PLAIN LLM CALL (one shot): Input → LLM → Output (done, no loop) AGENT (loop until done): Input → LLM (decide) → Tool call → Result → LLM (observe, decide next) → (loop or stop) (LLM controls the flow)
💡 Key insight: Agents trade latency and complexity for autonomy. The model becomes an active decision-maker instead of a passive responder. This is powerful for multi-step tasks, exploration, and error recovery — but it's not always necessary.
02 — Control Flow

The ReAct Loop

ReAct (Reasoning and Acting) is the most widely used agent pattern. At each step, the LLM produces a reasoning trace (thinking out loud), then commits to an action.

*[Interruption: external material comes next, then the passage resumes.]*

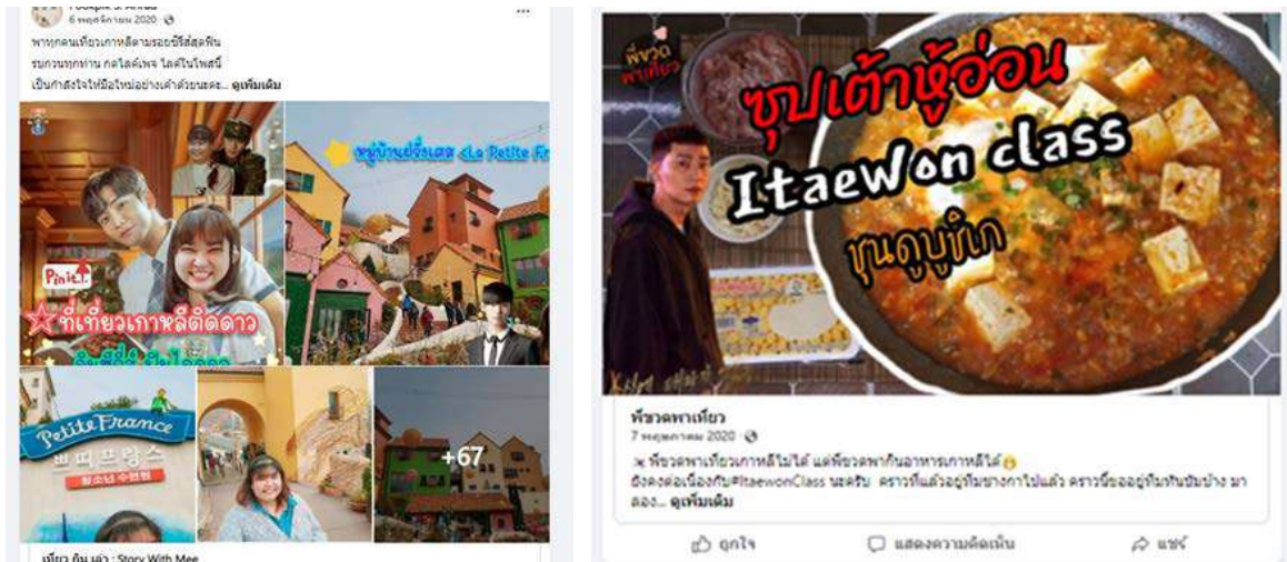
ภาพที่ 1.1 และ ภาพที่ 1.2 โพสต์เกี่ยวกับอิทธิพลซีรีส์เกาหลี ที่มา: เพลง “ขายไตไปเกาหลี”

ปรากฏการณ์ของคนไทยจำนวนหนึ่ง โดยเฉพาะในกลุ่มวัยหนุ่มสาวแสดงออกถึงความต้องการอพยพย้ายถิ่นหรือย้ายประเทศไปยังเกาหลีเป็นจุดเริ่มต้นของงานวิจัยชิ้นนี้ โดยพยายามจะชี้ให้เห็นว่าวัฒนธรรมเกาหลีโดยเฉพาะด้านสื่อมวลชนนั้นส่งผลต่อการตัดสินใจเลือกที่จะย้ายถิ่นไปทำงาน ศึกษาต่อ หรือวัตถุประสงค์อื่นหรือไม่อย่างไร ผู้วิจัยสังเกตจากปรากฏการณ์ในการสื่อสารบนโลกดิจิทัลพบว่าอิทธิพลของวัฒนธรรมเกาหลี เช่น ซีรีส์เกาหลี ถือได้ว่าเป็น พลังแห่งอำนาจละมุน (Soft power) 1 ที่สามารถมีอิทธิพลกับความคิดแบบไม่รู้ตัว (Washingtonpost Newsweek Interactive, LLC, 1990) 2 เราจะพบว่าซีรีส์ในแต่ละเรื่องนั้น มักจะนำเสนอเรื่องราวของอาชีพต่าง ๆ ผ่านตัวละครอย่างหลากหลาย ไม่ว่าจะเป็น อาจารย์ นักข่าว หมอ และยังสอดแทรก เรื่องวัฒนธรรมด้านต่าง ๆ ทั้งทางด้านอาหาร ด้านการดำรงชีวิต ด้านการแต่งกาย รวมถึง

After observing the result, it reasons about what happened and plans the next step. This loop continues until the goal is met or a limit is reached.

ReAct Cycle

1. Reason: LLM thinks about the task and what to do next (internal monologue). 2. Act: LLM commits to a tool call with specific inputs. 3. Observe: Tool executes, returns a result. 4. Repeat: LLM reads the result and decides: call another tool, synthesize an answer, or ask for clarification.

Task: "What is the CEO of OpenAI's birthday?" REASON: I need to find out who the CEO of OpenAI is, then look up their birthday. ACT: search_web("OpenAI CEO") OBSERVE: [Result: Sam Altman is the CEO of OpenAI] REASON: Now I know Sam Altman is the CEO. I need to find his birthday. ACT: search_web("Sam Altman birthday") OBSERVE: [Result: Sam Altman was born on April 22, 1985] REASON: I have the answer. OUTPUT: Sam Altman, CEO of OpenAI, was born on April 22, 1985.
Why ReAct works: The reasoning step makes agent behavior interpretable — you can see why it chose each tool. This is essential for debugging, monitoring, and building user trust. It also helps the LLM avoid mistakes by "thinking before acting."
03 — Decision

When to Use Agents vs Plain LLM Calls

Agents are powerful but add latency, complexity, and cost (multiple LLM calls). Plain LLM calls are fast and simple but can't adapt to new information or errors. Choose based on your task structure and constraints.

Comparison

ScenarioUse plain LLM callUse agent
Single clear task✓ YesNo
No external data needed✓ YesNo
Strict latency <1s✓ YesNo
Low cost priority✓ YesNo
Multi-step taskNo✓ Yes
Need external dataNo✓ Yes
Steps unpredictableNo✓ Yes
Can verify & retry errorsNo✓ Yes
⚠️ Agent latency compound: Multiple tool calls, LLM reasoning, and waiting for results stack up. A 3-step agent needs 3 LLM calls + network delays. For user-facing features, set max_iterations and timeout limits to avoid unpredictable wait times.
04 — Architecture

The 4 Components

Every agent has four essential components. All four must work together for the agent to function effectively. Missing or weak components lead to agents that loop indefinitely, forget context, or make poor decisions.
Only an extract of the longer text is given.